Copy each line of the data that has "partenaires" in it.

**Records from a data collection:**
= = = = = = =

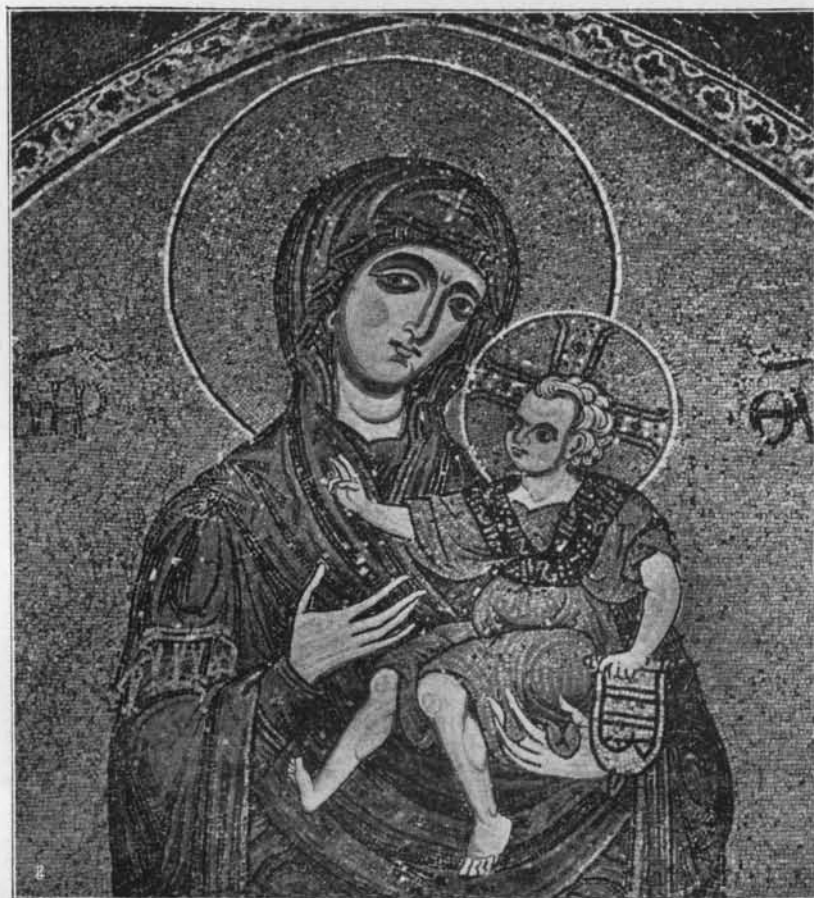
NELLA CATTEDRA- LE DI MONREALE. 1715-1200.

scettri, stole e globi, ritrovano i loro perfetti compagni nell'Arcangelo Raffaele della Cappella Palatina di Palermo, (pag. 302) in un medaglione con la testa di Sant'Andronico a Dafni, e in vari medaglioni con angeli e teste di santi a Santa Sofia di Kiev: tutte opere anch'esse di mano greca.
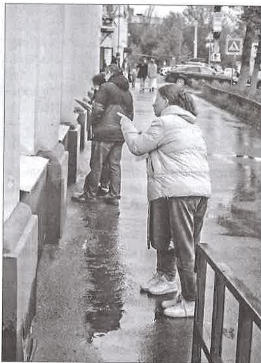
◀ «Окна нашего детства». Как жили люди полвека назад? Желающим предлагалось поучаствовать в квесте и ответить на вопросы о быте, музыке и фильмах того времени

Уже традиционно 14 февраля, в Международный день книгодарения, мы предлагаем всем желающим зайти в Молодёжный центр
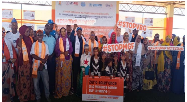
Le HCR et partenaires lancent les 16 jours d'activisme contre les VBG

Le HCR et ses partenaires lancent la campagne des 16 jours d'activisme contre les violences sexistes. Le 25 novembre, le HCR, en collaboration avec l'Union nationale des femmes djiboutiennes (UNFD), a lancé la campagne « Tous UNiS contre la violence sexiste », qui durera 16 jours du 25 novembre au 10 décembre. Le lancement de la campagne a eu lieu dans le village de réfugiés de Markazi, en présence des représentants du gouvernement, les autorités locales, les agences des Nations unies, les réfugiés et d'autres partenaires humanitaires. Tous les partenaires se sont convenus de la nécessité d'une collaboration active pour promouvoir l'autonomisation des femmes et renforcer les initiatives locales. Le HCR a délivré des certificats aux comités de réfugiés qui soutiennent la lutte contre la violence sexuelle et sexiste, illustrant ainsi la reconnaissance de leur engagement et de leur rôle actif dans la transformation de leurs communautés.
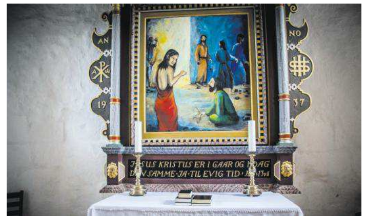
Altertavlen bruges som skifteramme. To malerier af Laila Sørensen hænger over det gamle alterbillede afhængig af tidspunktet på kirkeåret.
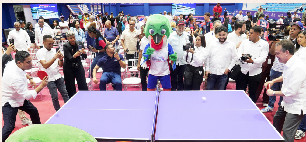
El ministro de Deportes, Kelvin Cruz y el de MIHVED realizan una exhibición, sobre sus cualidades tenimesísticas
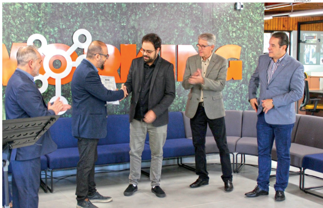
A renovação da certificação 'Cidade Inteligente' traz benefícios importantes para o município
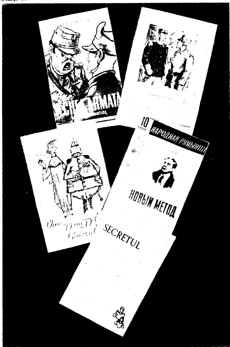
Ediții apărute după 23 august 1944.
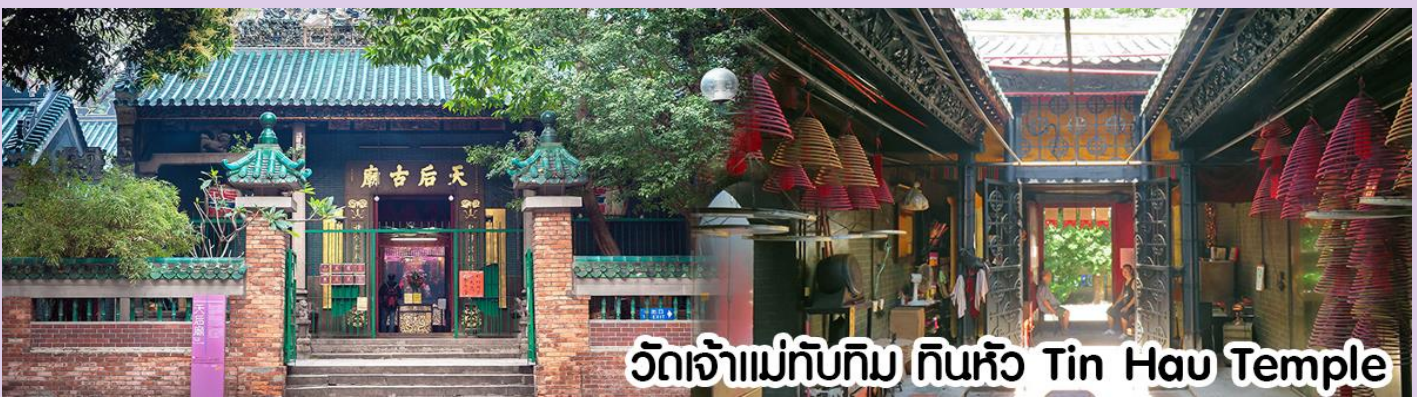
วัดเจ้าแม่ทับทิม ทินหัว Tin Hau Temple

นำทุกท่าน ไหว้ศาลเจ้าแม่ทับทิม ทินหัว (Tin Hau Temple) เป็นวัดเก่าแก่และสำคัญอีกวัดหนึ่งของฮ่องกง เพราะในสมัยก่อน ฮ่องกงเป็นเพียงหมู่บ้านชาวประมง ซึ่งเคารพนักถือเจ้าแม่ทับทิมว่าเป็นเทพีแห่งท้องทะเล เพื่อให้เดินทางปลอดภัย เวลาออกไปทำงานไกลๆ หรือออกหาปลา นอกจากการมาสักการะบูชาเจ้าแม่ทับทิมในเรื่องของการเดินทางให้ปลอดภัยแล้ว ไฮไลท์สำคัญอีกอย่างหนึ่งของวัดเจ้าแม่ทับทิม ทินหัว (Tin Hau Temple) จะเป็นชุดรูปปั้นขนาดใหญ่ ที่แขวนอยู่ตามเพดานด้านในของวัดก็จะเป็นสถาปัตยกรรมแบบวัดจีน สร้างขึ้นตั้งแต่ปี ค.ศ. 1876 โดยทางเข้าของวัดจะอยู่ติดกับสวนสาธารณะเล็ก ๆ ที่มีต้นไม้ใหญ่หลายต้น ให้บรรยากาศร่มรื่น

= = = = = = =

**Your response:**
Le HCR et partenaires lancent les 16 jours d'activisme contre les VBG
Le HCR et ses partenaires lancent la campagne des 16 jours d'activisme contre les violences sexistes. Le 25 novembre, le HCR, en collaboration avec l'Union nationale des femmes djiboutiennes (UNFD), a lancé la campagne « Tous UNiS contre la violence sexiste », qui durera 16 jours du 25 novembre au 10 décembre. Le lancement de la campagne a eu lieu dans le village de réfugiés de Markazi, en présence des représentants du gouvernement, les autorités locales, les agences des Nations unies, les réfugiés et d'autres partenaires humanitaires. Tous les partenaires se sont convenus de la nécessité d'une collaboration active pour promouvoir l'autonomisation des femmes et renforcer les initiatives locales. Le HCR a délivré des certificats aux comités de réfugiés qui soutiennent la lutte contre la violence sexuelle et sexiste, illustrant ainsi la reconnaissance de leur engagement et de leur rôle actif dans la transformation de leurs communautés.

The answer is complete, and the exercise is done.